A third area in which the pricing to constant quality approach to the CPI may
differ from consumer experience concerns the cost of renting. While the CPI
rental component increased by 22.9 per cent between December 1994 and
December 2005, the average rent paid by private tenants, as surveyed in the
ABS Survey of Income and Housing over the same period, increased by 41.2
per cent (ABS 2005–06). Again, much of this difference can be related to
improvements in the quality of the rental stock.
One of the difficulties with this subject is that the ABS does not publish any explicit
data about the quality adjustments that it makes to prices or about the precise extent of
past and present practices in this respect. All that we know is that many years ago
quality adjustments were limited to obviously needed adjustments for quantitative
changes such as a change in the size of a tin of baked beans. Today the ABS seeks
information from many manufacturers and importers about quality improvements for
all kinds of products and converts that data into pricing reductions based partly on
obscure statistical techniques and partly on judgement.
However the few examples quoted above are sufficient to demonstrate how
discounting shelf prices for perceived quality changes to arrive at a pure price
movement means that a pension indexed by CPI cannot maintain purchasing power. It
might be argued that it maintains purchasing power in relation to products that were
available at an earlier period but rapid obsolescence and model changes which are a
feature of modern markets makes that an impossible proposition to sell to a pensioner
living in the real world.

1
J. Steven Landefeld and Bruce T. Grimm, A Note on the Impact of Hedonics and Computers on Real
GDP, Bureau of Economic Analysis, Survey of Current Business, December 2000. p. 20.

2
There are some aspects of the design of the PBLCI that might improve its relevance to
the indexation needs of pensioners and beneficiaries but these will be completely
swamped by the use of pure pricing and not shelf pricing.

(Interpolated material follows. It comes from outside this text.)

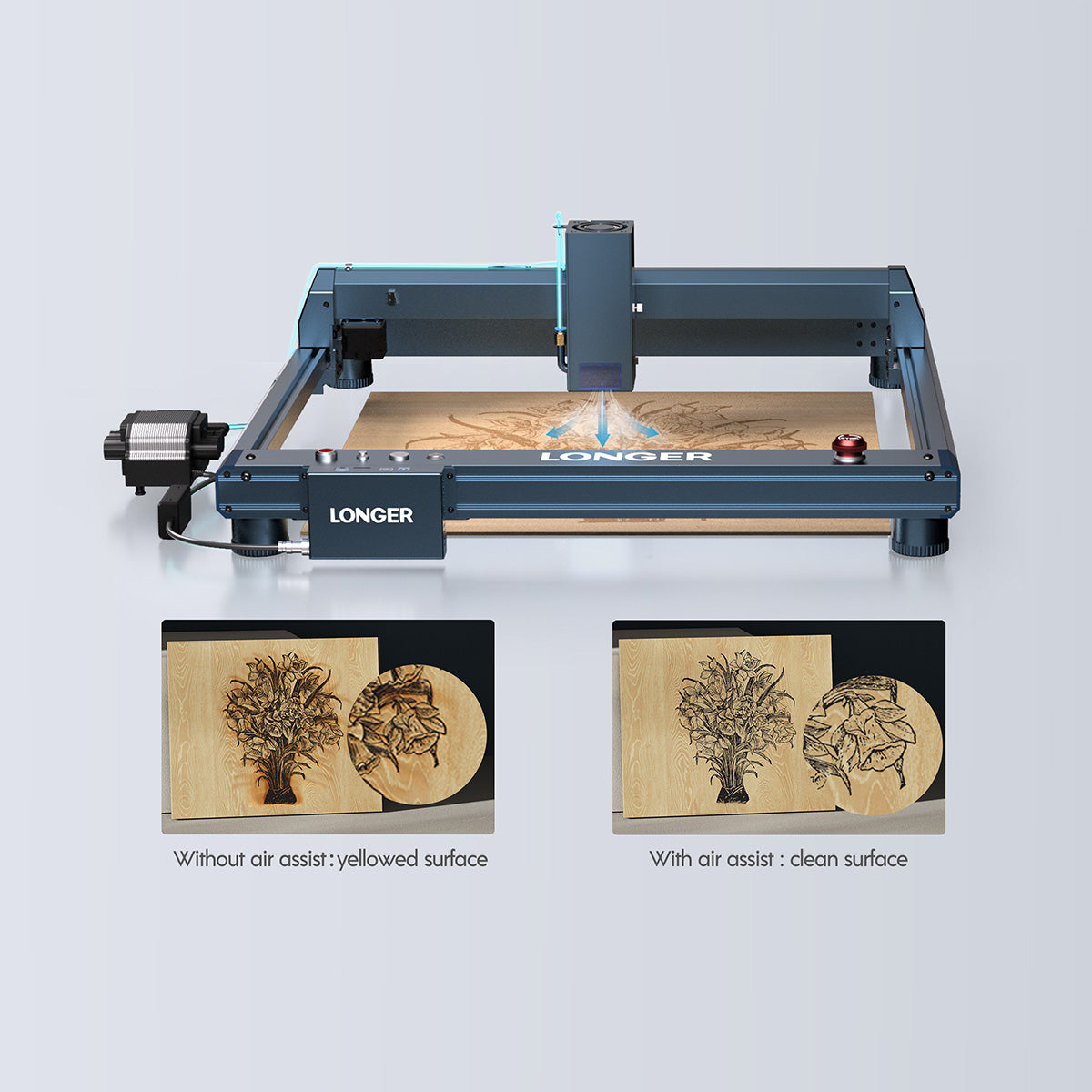 • Equipped with smart Air-Assist system automatically controlled by lightburn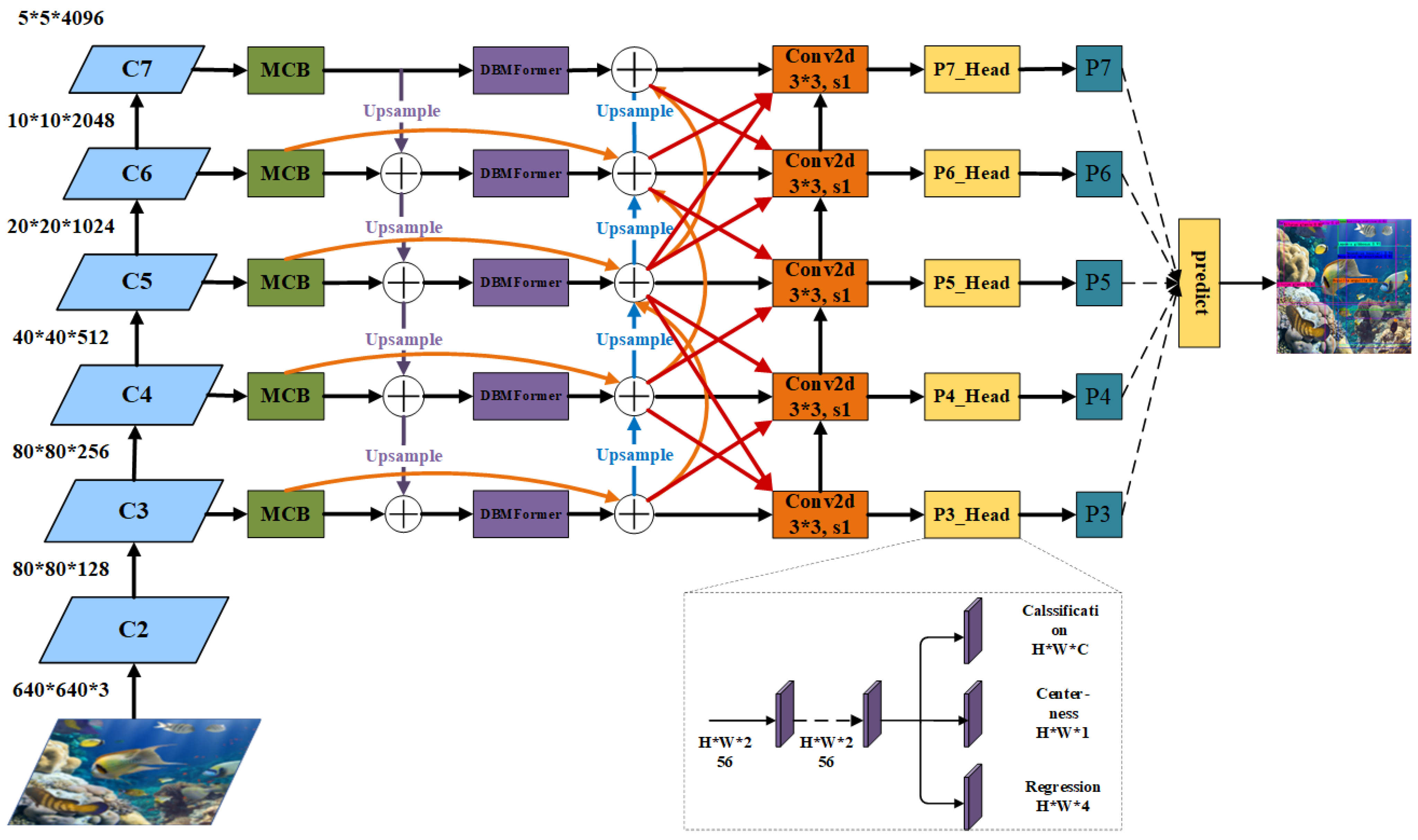 TMFD (triple the multi-scale/multi-layer/multi-stage fish detection) based on fish data images in different scenes. In view of the large differences in size and color of fish in multi-scene images, we deepened the depth of the model from the original three layers to the current five layers. Secondly, in the neck stage, in order to reduce the loss of a large number of high-dimensional features caused by direct use of the 1*1 convolution between the backbone and neck, we introduce the

Appendix 1 to the ABS
paper provides an indication of how little the PBLCI is likely to vary from the CPI.
Moreover, there is the unpleasant possibility that the PBLCI will be used
mischievously by interests in the community seeking to drive down benefits to
pensioners and beneficiaries in the pursuit of other fiscal purposes. Today we see
many examples of how the unscrupulous seek to perpetuate what was once true but is
now patently false that CPI indexation maintains the real purchasing power of a
pension.
The PBLCI should be based simply on shelf prices. The ABS already collects data on
shelf prices as it has done for years and returning to past practice for the estimation of
the PBLCI should not be a difficulty for it. Failing that the interests of pensioners and
beneficiaries will be best served if the ABS terminates its development of the PBLCI
forthwith. The Government in the Budget provided $18.5m over four years to the
ABS to develop and maintain the PBLCI. Terminating that requirement now should
generate a saving of a significant part of that sum.